KEEP THE HATE!!! We all lose.

http://www.ipoaa.com/caribean_immigration_why.htm

By the late 1800s the United States had vested economic and political interests in the Caribbean. United States policy makers considered the region to be strategically important both for commercial routes to South America and for the defense of the southern U.S. mainland against wartime attack. For these reasons the U.S. government pursued an aggressive strategy to establish and maintain control over the political and economic affairs of the region.
....
Simultaneously, the period from 1900 to 1920 marked the initiation of mass labor migration from the Caribbean to the United States and the formation of the first large Caribbean communities in the United States (see Afro-Latino Cultures in the United States). This shift was part of a global transformation of migration processes: Rather than a colonizing migration from the expanding commercial centers to the subordinated regions, populations were now moving from the periphery to the new industrial centers. The shift was first evident in the case of Puerto Rico, due to its status as a U.S. territory. In about 1900 Puerto Ricans began to be hired as contract laborers, who were often treated more like indentured servants than free laborers, for plantations in other U.S. territories, mainly Hawaii, and in the southern and western United States.

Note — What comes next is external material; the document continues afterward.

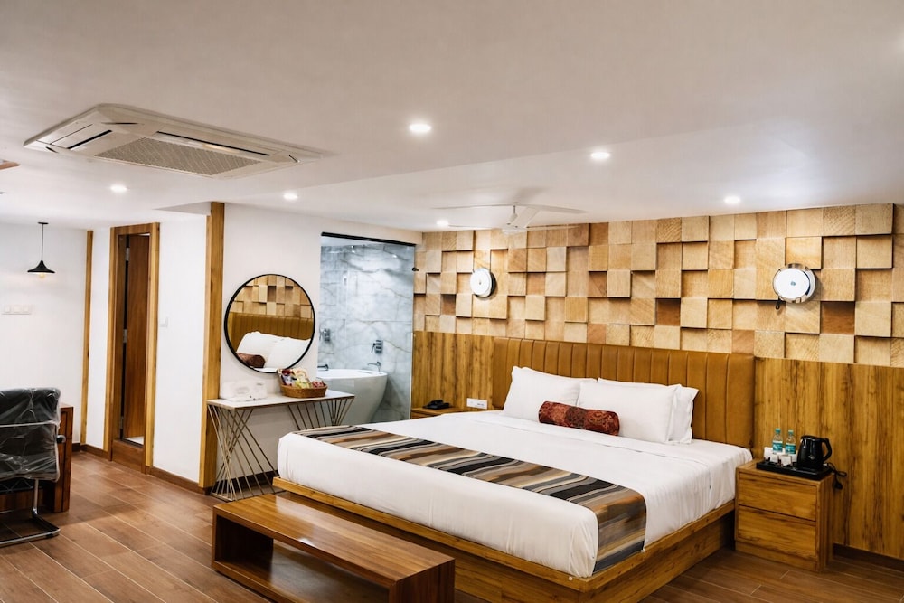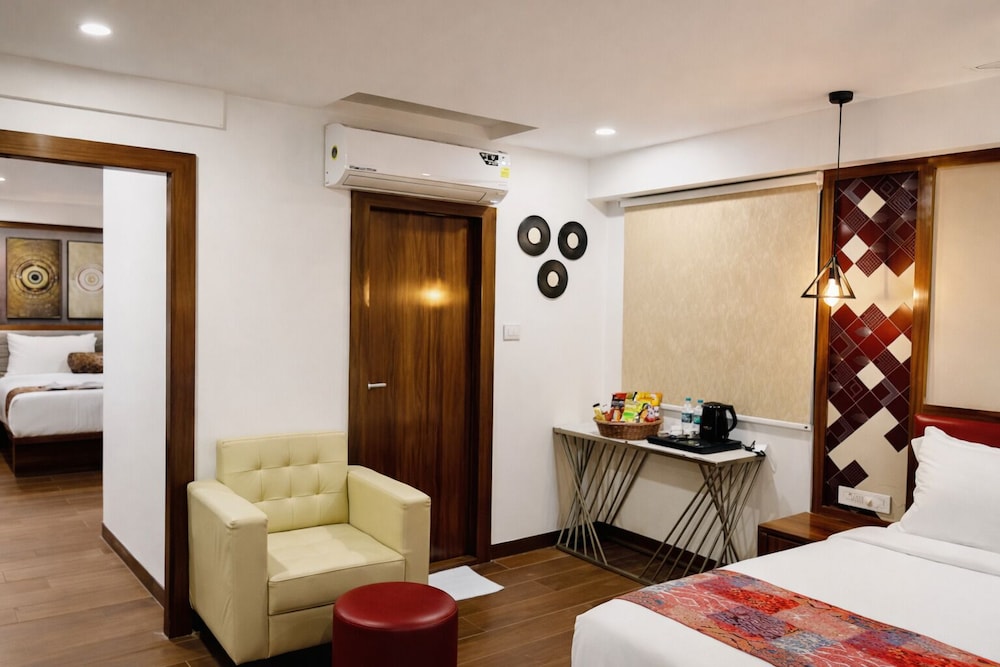 Si decides alojarte en HOTEL SIGNATURE BANJARA HILLS HYDERABAD, disfrutarás de una fantástica ubicación en el centro de Hyderabad y apenas te separarán diez minutos en coche de Mezquita Charminar y CARE Hospitals - Banjara Hills. Además, este hotel se encuentra a 16 km de U.S. Consulate General y a 1,8 km de Jagannath Temple. Disfruta de una estancia fabulosa en una de las 90 habitaciones, todas equipadas con chimenea y suelo radiante. Las camas cuentan con colchones Select Comfort y sábanas de algodón egipcio para descansar plácidamente. La conexión wifi gratis te permitirá estar al tanto de todo. Para tus momentos de ocio, tendrás una Smart TV de 50 pulgadas con canales digitales. Entre las comodidades, se incluyen escritorio, una zona de estar separada y teléfono con y llamadas internacionales gratuitas. Las distancias se expresan en números redondos.

During World War I the recruitment of labor from the Caribbean (and Latin America) became more pronounced, as laborers from the region compensated for the reduced number of European immigrants to the United States. More than 100,000 Caribbean laborers were recruited for agricultural and menial jobs in the United States as part of war efforts.
....
Since the end of the Cold War in the late 1980s, the immigration policies of the United States have been shaped more often by domestic economic concerns and by the emergence of racist discourses against immigrants than by a foreign policy directed at undermining a competing superpower. This was clearly reflected in 1995, when in the wake of large-scale Haitian and Cuban refugee flows, the United States announced it would begin repatriating Cubans picked up at sea, reversing a decades-old policy of automatically granting them entrance and circumventing established asylum procedures. However, attempts by the U.S. government to contain such "refugee crises," and more broadly to restrict immigration, face a likely setback in continued mass migration from the Caribbean. This migration is fostered by economic and political crises in the region, by demand for cheap labor in the United States, and by established links between Caribbean communities in the United States and their countries of origin.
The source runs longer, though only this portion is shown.